Point taken about the lack of assurance that GMO are safe since we still don't very fully understand how any genome works.
But what is "so incredibly different" between you and a worm??!!!?? You both have social lives, sex lives, private lives, toileting requirements, health considerations, dietary needs, sexual reproduction, jobs, emotional responses, energy levels. I suppose worms don't write blogs, drive Subarus, shop at Woolworths, pray to Jesus, Speak English with an accent, or listen to One Direction, but those are all recent developments in evolutionary terms.
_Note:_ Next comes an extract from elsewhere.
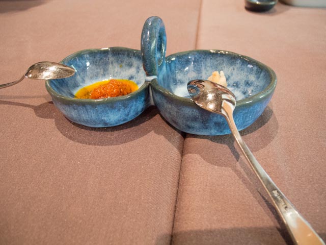 We were told that the everyone at the table had to order the same set menu with the alternative being to order a la carte of the menu. This made no sense to me and so I said to her, “What you’re saying is if we sit a two separate tables we could order two different menus of the day, but because we are sitting at the same table we cannot do that?” Finally things got straightened out and we all had the same basic menu with Klaus and Zahava getting two vegetarian substitutions.

None of them mean anything more than a peacock's feathers mean to a peacock, in the context of the genome.
And the turnip... 50% similar? That sounds about right. You share a common ancestor. You share millions of years of grandparents. Turnips don't dance or write with ballpoint pens, but they have families and they have aspirations. They have the will to power. Compared to a piece of granite, a turnip is an amazing thing.
Certainly One Direction is all peacock feathers; their appeal is a case study in sexual selection.
But from a software developer's perspective, are you not surprised that with just 20% extra lines of code, the nematode was upgraded to be able to speak, write, drive, pray, shop and bop?
If the explanation lies in the newly discovered switching role of junk DNA, and if genes are switched on and off by bits of code spread across the genome, then I don't know how genetic engineers are able to predict the effects of gene splicing. And predict they must. My thesis is that, like software, black box testing of GMOs cannot be sufficient; we need to also perform the equivalent of code inspection, yet the fundamentals of the programming language are not yet understood.
Who's to say that arbitrary changes to a turnip's genome might not change its will to power into something more? Turnip the volume!